The World Health Organization classifies antibiotic resistance as one of the biggest threats to global public health. At the same time, overuse of antibiotics in global food production is widespread. Today, more antibiotics are given globally to healthy animals than to sick people. It is the incorrect and unnecessary use of antibiotics that accelerates the development of antibiotic resistance among animals and humans.

“The Antibiotic criteria 2.0 is a concrete tool for buyers to work with in dialogue with suppliers in Sweden, but not least in the rest of the world. The criteria can be used by food companies to set additional requirements and contribute to a positive development in the supply chain in terms of both animal husbandry and antibiotic use,” says Maria Smith.

The list of criteria has been developed by Axfoundation in collaboration with an expert group and reference group consisting of veterinarians, researchers, antibiotic experts and representatives from civil society, industry associations, food producers, food service and grocery retailers.

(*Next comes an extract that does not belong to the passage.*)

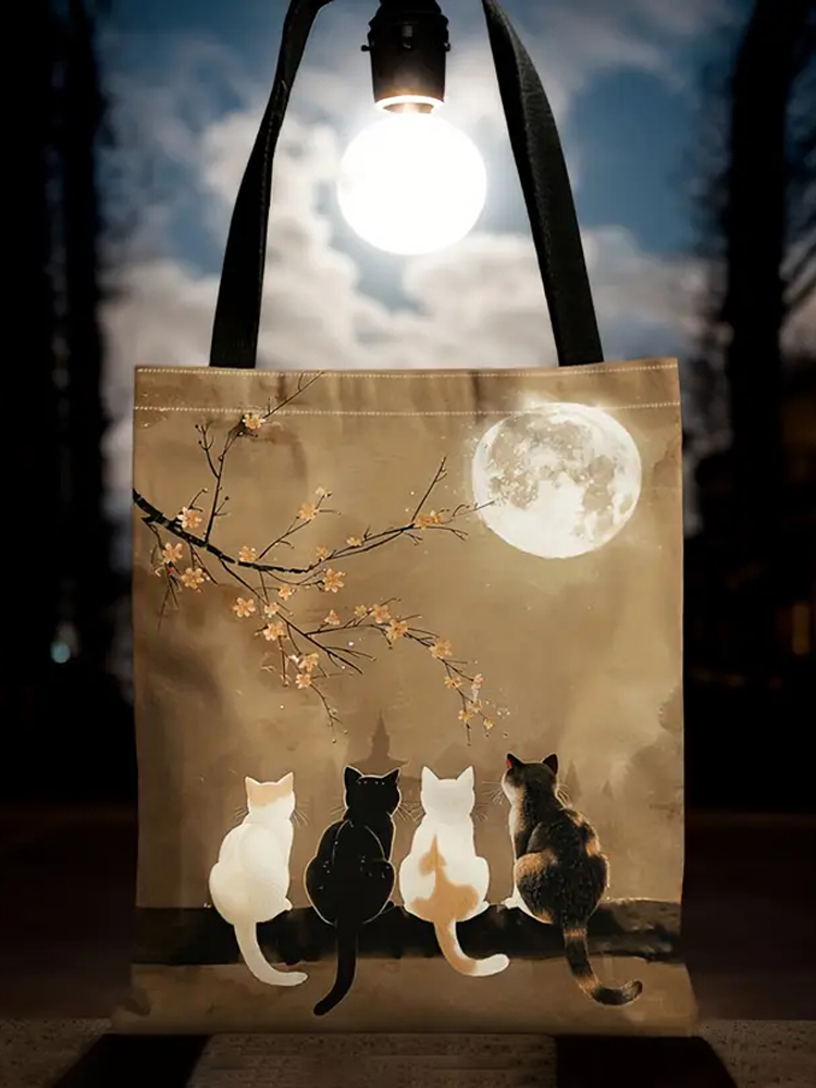 Japanese Cat Vintage Print Canvas Bag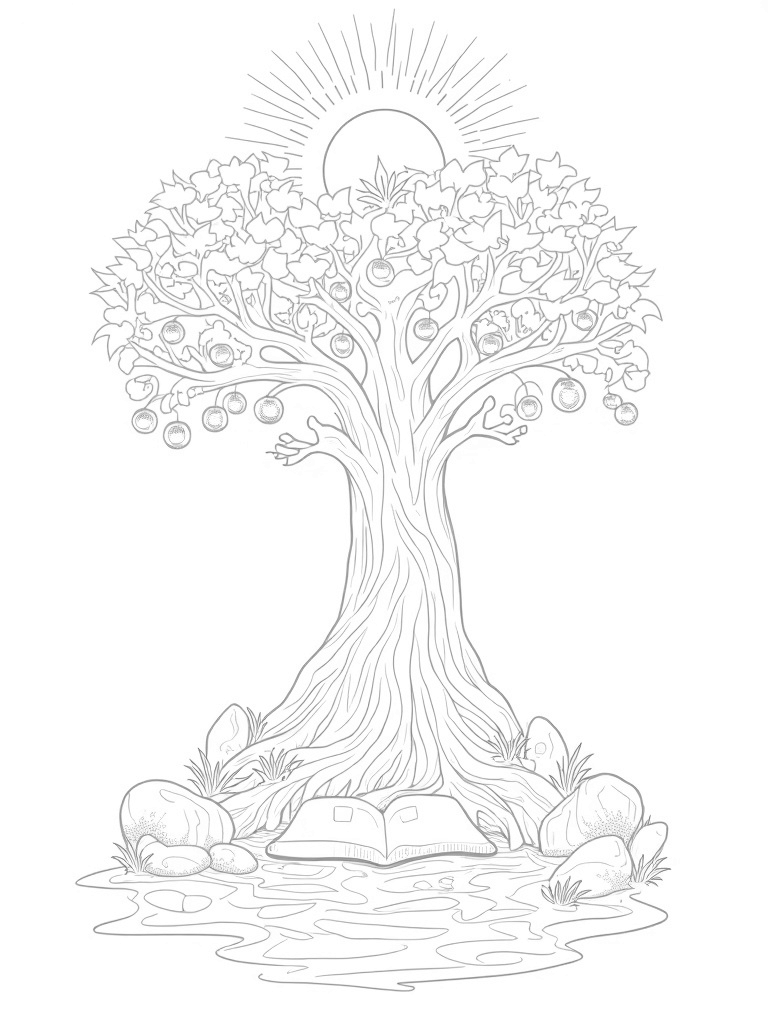 Above this magical tree, the sun shines brightly, filtering through the leaves and casting warm, golden beams all around. You might spot a flock of doves soaring gracefully in the sky, adding to the serene vibe. And don't forget about the scattered boulders nearby—each one features intricate carvings that tell stories of peaceful landscapes and celestial wonders. It's a perfect spot for kids to color and let their imaginations run wild!

Several food companies already use the material today, and under 2021 Axfoundation hopes that the stricter version with associated questionnaire will be used in practice by even more actors.

Facts about antibiotics

  • Overuse of antibiotics leads to antibiotic resistance: Antibiotics cure bacterial diseases and are life-saving drugs for humans and animals. But bacteria can become resistant, impervious to antibiotics and so the drug does not work. Problems with antibiotic-resistant bacteria are growing quickly around the world. Antibiotic resistance can be transmitted between humans, between animals, and between animals and humans. The development of antibiotic resistance in animals is affected, among other things, by how much antibiotic is used, which in turn is affected by, among other things, animal husbandry systems.
  • Antibiotic use in animals in Sweden and Europe: The use of antibiotics in animals in Sweden is low on an international level. But the difference between countries in Europe is very large. In Europe, Sweden, Finland, Iceland and Norway have the lowest sales of antibiotics for animals (per kilogram of estimated live weight), according to the European Medicines Agency. Cyprus, Italy and Spain have the highest. In many countries, group treatment with antibiotics via feed or water is much more common than in Sweden. In addition, using antibiotics for growth promotion purposes was banned in Sweden in 1986 and within the EU in 2006. In many other countries, such use is still permitted.
  • Voluntary antibiotic criteria complement the legislation: The updated voluntary antibiotic criteria that companies can use in the dialogue with suppliers of meat, dairy products and seafood go a step further than current legislation. The tool also contains an associated questionnaire with follow-up questions to suppliers, and an educational material with basic information about antibiotics in food production. The criteria are not specific to Sweden and Swedish companies, but can also be used by other countries.
  • The antibiotic criteria have been developed by Axfoundation together with an expert group comprising Max Troell (Beijer Institute / Stockholm Resilience Center), Jenny Lundström (Healthy Animals/Friska Djur) and Frida Lundmark Hedman (Swedish University of Agricultural Sciences), and a reference group comprising representatives from the food industry, civil society, academia and authorities; Axfood, Coop, Findus, Farm and animal health (Gård & Djurhälsan), ICA, Lidl, The Swedish Food Federation, The Federation of Swedish Farmers (LRF), , Martin & Servera, The National Veterinary Institute, (SVA), Swedish Food Retailers Federation, The National Agency for Public Procurement, Vi Konsumenter), World Animal Protection, WWF in Sweden.